The higher the markets went, the more cash came in, particularly from fringe speculators who felt passed-by if they weren’t “in it”.

Fueling the delirium (both on the way up and on the way out) was an absence of liquidity in equities caused by share buy-backs and merger activity depleting the percentage float in the markets. Some might argue, and have, that liquidity is higher today than ever owing to lower interest rates. I would posit that while there may, indeed, be more cash, it is nevertheless chasing after fewer shares, causing the stampede effect we witnessed last week.

The Fed has the power and the responsibility to inhibit such negative characteristics, but chooses to remain a marginal player in assuming any real responsibility for regulating money supply and the incumbent speculation which accompanies the current situation. In fact, if the Fed has any culpability in this matter, it is the excessively low “relative” rate of interest which fueled equity speculation in the first place.
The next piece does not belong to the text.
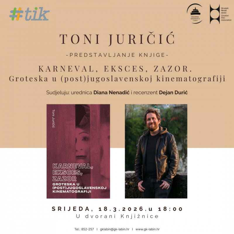 U srijedu 18. ožujka u 18 sati, u organizaciji Gradske knjižnice Labin i Hrvatskog filmskog saveza, održat će se predstavljanje knjige „KARNEVAL, EKSCES, ZAZOR. Groteska u (post)jugoslavenskoj kinematografiji“ našeg sugrađanina Tonija Juričića.

Instead, when a panic ensues, investors have no safety net and little guidance. Unless, or course, you are a student of my methodologies. While the market wiped out its annual gain, moving to negative territory for the first time this year, our clients maintained both absolute and relative positive outperformance, year-to-date.

While it is true that certain geopolitical and/or exogenous events exert leverage over the sequence of events in the financial markets, it is unfair to ascribe any one of these as the catalyst to last week’s tumultuousness. Taken in sum, influences such as commodities inflation, global terror, an aging demographic, failed fiscal policy, industrial and technological revolution, etc. take their turn as centers of influence. I have been writing about these factors for decades and rare it is when one of these events “causes” the financial markets to respond intraday. As I recently wrote, trends take decades to develop, not hours. A legitimate portfolio strategist focuses upon the secular, enduring trends, and does not become fixated upon television-driven mania or hyped-up business news programming.

However, it does bear repeating that my data strongly indicates the reemergence of inflation pressure upon global business. Combined with relatively lower interest rates, the two factors coalesce to create a speculative mania typified, for example, by real estate speculation, mergers and acquisitions, buying stocks “on margin”, and Federal budget deficits. The unraveling of the market last week was a linear response downwards to a near-linear, excessively speculative market trend upwards. It matters not what the trigger, or how the morning news characterized the aftermath. The trends are in place to continue this pattern of speculation/regression. The leverage and borrowing issue is within that hierarchy of fundamentals to which I alluded in the previous paragraph.

The big question in the wake of Tuesday’s collapse is the measure of vulnerability (quantified) of the markets and the psychological impact it might create. It now becomes a chicken-or-egg conundrum. Can the market pull sentiment up with it, or does sentiment drag the market? Obviously, this is not an either/or scenario but, rather a matter of degree.

My advice is to pare exposure to non-accelerating earnings equities. They have shown an inability to keep pace with cost pressure or profitability. Return, instead to prudent asset allocation strategies that mitigate the influence of daily volatility and add resiliency to portfolio return.